The Occupation — Place, Balance, and Proximity

Today is the one-month anniversary of the Occupy Wall Street demonstration.  It is fair to say that the media, a decent portion of the American public, and many people abroad are now paying attention.  There is still, of course, no guarantee of long-term success or longevity.  However, to  sustain something like the occupation for more than a few days, much less several weeks, is nothing short of remarkable. 

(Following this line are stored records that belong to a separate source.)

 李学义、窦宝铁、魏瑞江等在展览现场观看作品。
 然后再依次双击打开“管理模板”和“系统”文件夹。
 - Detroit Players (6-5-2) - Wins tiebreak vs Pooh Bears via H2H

Mayor Bloomberg has publicly stated that he wants  to protect protesters’ speech and assembly rights.  But he recently suggested that “the Constitution does not protect tents . . . It protects speech and assembly.”  That’s right.  But the tents in Zuccotti Park are not on public property.  Whether they knew it or not, the protesters may have chosen their contested place very wisely — the private owners of Zuccotti Park have been slower to move against the protesters than the City might likely would have been.  In at least one locality, officials reportedly closed a public park in response to an “occupation” protest.  Judging from the police response to the occupiers, and from other limits imposed by the Bloomberg Administration on public assemblies and demonstrations, it seems clear that the City would have intervened if it owned Zuccotti Park.  Unless and until the trespass laws are enforced against the protesters, the City is not likely to seek to remove them.  It’s property law, not the First Amendment, that has thus far determined whether the protesters have a right to be in Zuccotti Park. 

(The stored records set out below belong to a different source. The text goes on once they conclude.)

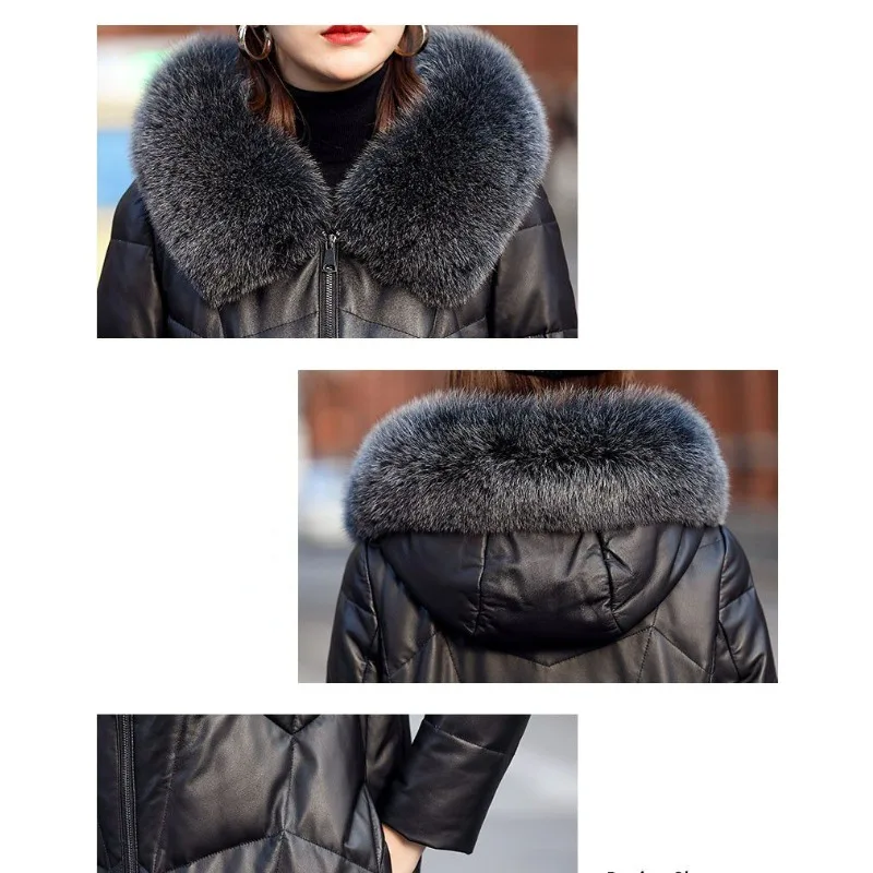 2023 Autumn Winter New Women Mid Length Genuine Sheepskin Leather Coat Fox Real Fur Collar Fur Collar Coat with Thickened Jacket
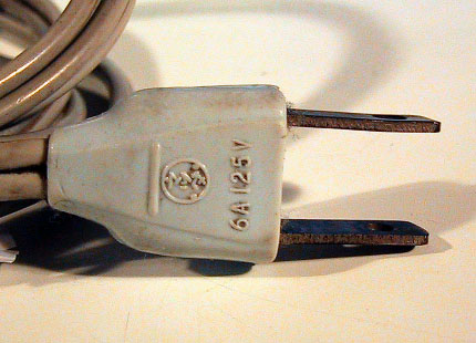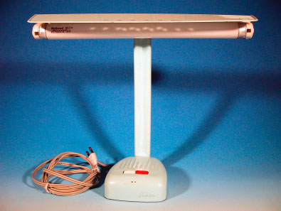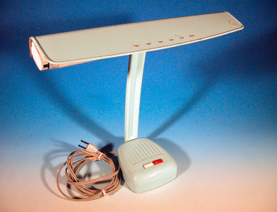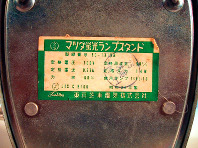 台座部分には点灯/消灯用の白と赤のスイッチが並ぶ。今でも十分使用するこ とができ、多少点灯するまでの時間が長くかかるもののきちんど動作する。但し 変圧トランスがかなり熱くなるので、実用には不向きであろう。インテリアとし てはレトロ感覚抜群で最適である。 本体台座の裏には銘版シールが貼付されており、下記の記述があった。 マツダ蛍光ランプスタンド 型録番号 FO−1315A 定格電圧 100V 定格周波数 50c/s 定格電流 0.23A 定格入力 14W 力 率 60% 使用ランプ 1×FL−10 JIS C 8106 昭和34年製
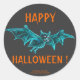 Fun and funny design for Halloween, neon bat (looks really creepy under a black light) exclaiming Happy Halloween. Great for sealing Halloween cards or as goodie bag treats. Customize by changing the text to reflect your own Halloween thoughts. Happy Halloween!
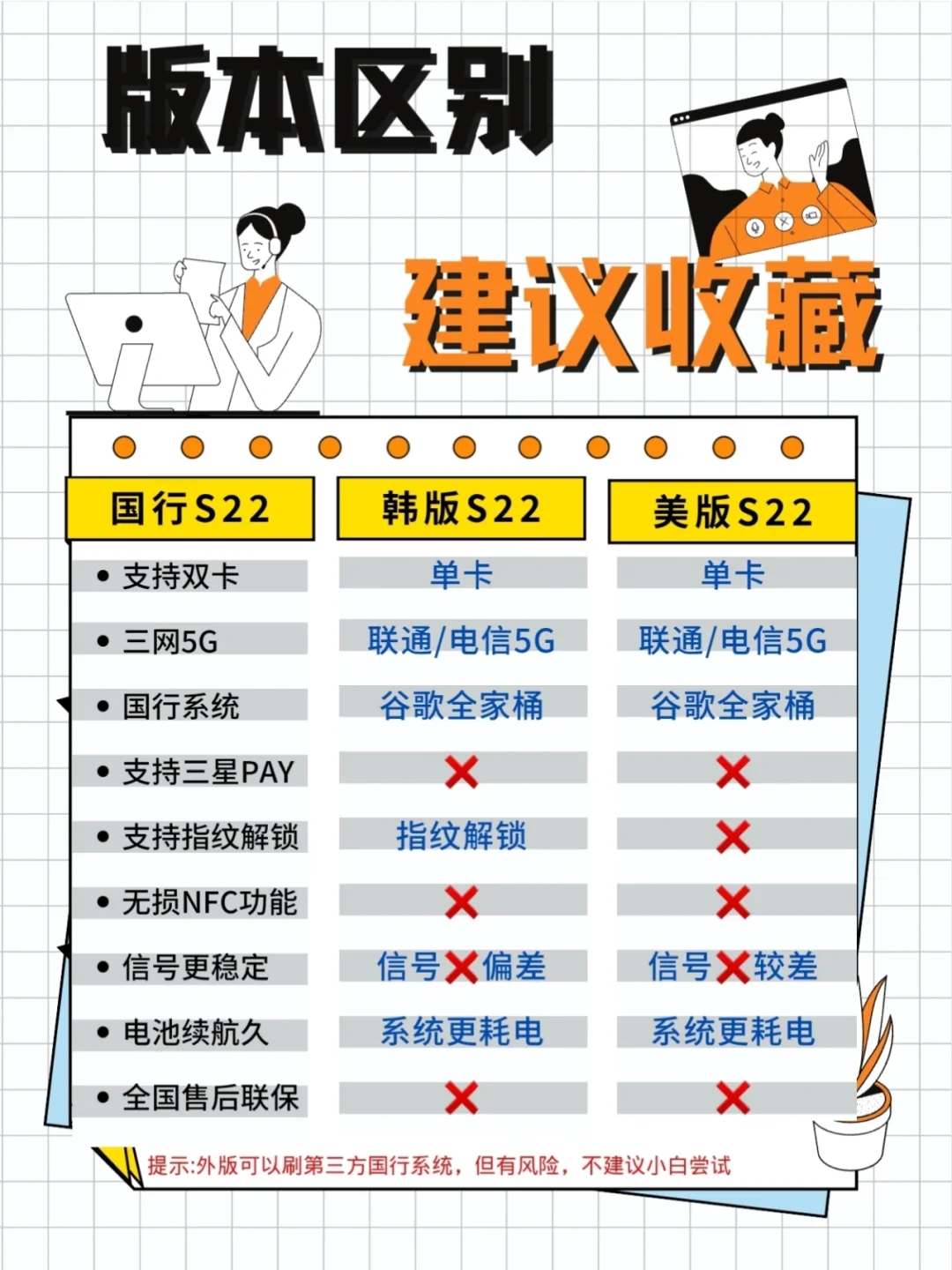 Hi、我是星球人小助手,目前市场上除了国行三星手机外,还有着各种版本的三星手机,如韩版、美版、日版等等、简称外版机,由于外版价格市场鱼龙混杂,很多刚接触三星的小白就很容易踩雷,如果目前你准备入手三星,或者已经入手了三星,那这篇笔记对你一定会有所帮助👉【建议收藏】

Hizzoner made another interesting statement about the occupation recently.  He expressed concern that the occupation had adversely affected other citizens’ “right to be silent.”  Elaborating, Mayor Bloomberg said: “We can’t have a place where only one point of view is allowed. There are places where I think it’s appropriate to express yourself, and there are other places that are appropriate to set up Tent City. They don’t necessarily have to be one and the same.”  How exactly is this public demonstration affecting those who want to remain silent?  Are the 1% somehow being silenced by the nature and scope of the occupation?  Are those who disagree with the protesters unable to mount a counter-protest?  A recent poll indicates that 72% of NYC voters support the occupation so long as it remains peaceful.  Are the viewpoints of the other 28% not being heard?   

If the Mayor is suggesting displacement of the occupation, he’s missing the point of proximity.  The occupiers are making powerful symbolic use of a location near Wall Street.  They are contesting place to reclaim something they feel has been taken from them.  Relocating the occupation would not “balance” viewpoints.  Rather, it would deprive the ocupiers of the principal means of conveying their message.            



The Power of Place

Michael Kimmelman, the architecture critic for The New York Times, has an interesting piece in this morning’s Sunday Review about the manner in which the Wall Street protesters are using and creating public space.  The piece picks up many of the themes examined in Speech Out of Doors — the connection between medium and message; the human and social connections people have to actual places; the role of technology in mass public demonstrations; the solidarity and communicative values associated with public places; and the manner in which public places are inscribed with messages and memories.